Clinical Features of Abdominal Actinomycosis: A 15-year Experience of A Single Institute

Affiliations
  • 1Division of Gastroenterology, Department of Internal Medicine, Seoul St. Mary Hospital, the Catholic University of Korea College of Medicine, Seoul, Korea.
  • 2Health Improvement Center, Seoul St. Mary Hospital, the Catholic University of Korea College of Medicine, Seoul, Korea.
  • 3Division of Infection, Department of Internal Medicine, Seoul St. Mary Hospital, the Catholic University of Korea College of Medicine, Seoul, Korea.
  • 4Department of Radiology, Seoul St. Mary Hospital, the Catholic University of Korea College of Medicine, Seoul, Korea.
  • 5Department of Pathology, Seoul St. Mary Hospital, the Catholic University of Korea College of Medicine, Seoul, Korea.
  • 6Department of Surgery, Seoul St. Mary Hospital, the Catholic University of Korea College of Medicine, Seoul, Korea. wonkkang@catholic.ac.kr

Abstract

This study was designed to evaluate the clinical features of abdominal actinomycosis and to assess its therapeutic outcome. We reviewed patients with abdominal actinomycosis in Seoul St. Mary hospital, between January 1994 and January 2010. Twenty-three patients (5 male and 18 female, mean age, 47.8 yr; range, 6-75 yr), with abdominal actinomycosis were included. Emergency surgery was performed in 50% due to symptoms of peritonitis. The common presentation on preoperative computerized tomography was a mass with abscess, mimicking malignancy. The mean tumor size was 7.0 cm (range, 2.5-10.5). In all patients, actinomycotic masses were surgically removed. Mean duration of hospital stay was 17.8 days (range, 5-49). Long term oral antibiotic treatment (mean 4.2 months; range, 0.5-7.0 months) were administered to all patients. All patients were free of recurrence after a median follow up of 30.0 months (mean 35.5 +/- 14.8 months, range, 10.0-70.0 months); recurrence was not seen in any patient.
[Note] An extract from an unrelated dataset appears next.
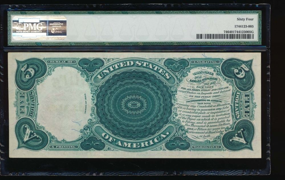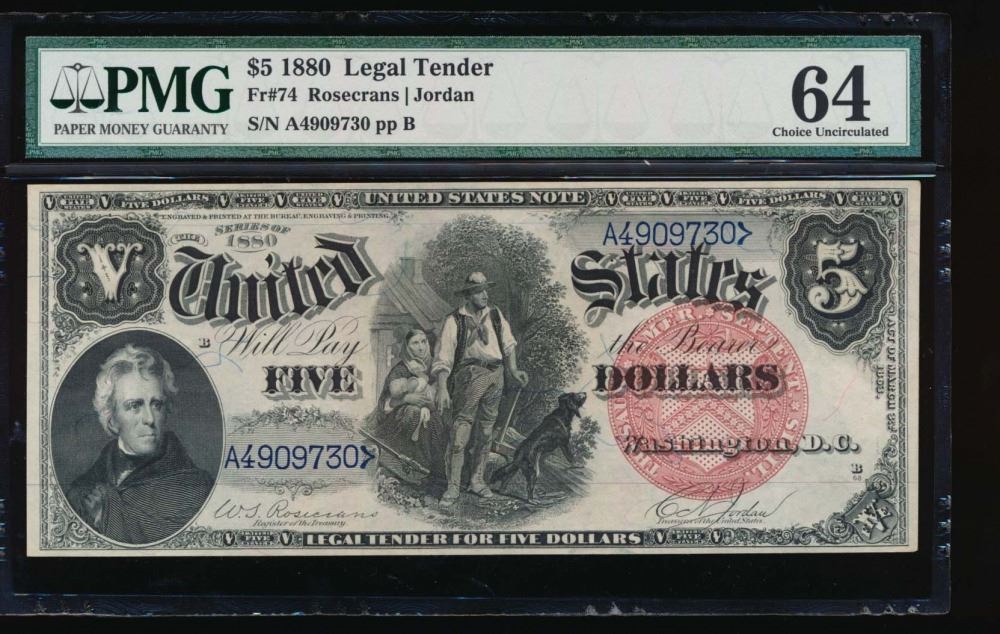 One 1880 $5 Legal Tender Note PMG 64.

In conclusion, abdominal actinomycosis should be included as a differential diagnosis when an unusual abdominal mass or abscess presents on abdominal CT. Assertive removal of necrotic tissue with surgical drainage and long term antibiotic treatment provide a good prognosis in patients with actinomycosis.

Keyword

Abdominal Actinomycosis; Unusual Abdominal Mass

MeSH Terms

*Abdomen
Actinomycosis/*diagnosis/drug therapy/surgery
Adult
Aged
Anti-Bacterial Agents/therapeutic use
Child
Diagnosis, Differential
Female
Humans
Male
Middle Aged
Peritonitis/diagnosis/pathology/surgery
Retrospective Studies
Tomography, X-Ray Computed

Figure

  • Fig. 1 Fifty eight years old female presented with lower left quadrant pain for 15 days. (A) Ovoid mass of sigmoid colon mimics a malignant tumor on computerized tomography. (B) 10.0 × 8.0 cm ovoid mass on the sigmoid colon and diverticulitis with severe inflammatory adhesion to descending colon and mesentery. (C) The cut surface demonstrates typical abscess with yellowish-brown color. (D) A magnified view of the characteristic sulfur granule in the middle of purulent exudates (H&E, × 200).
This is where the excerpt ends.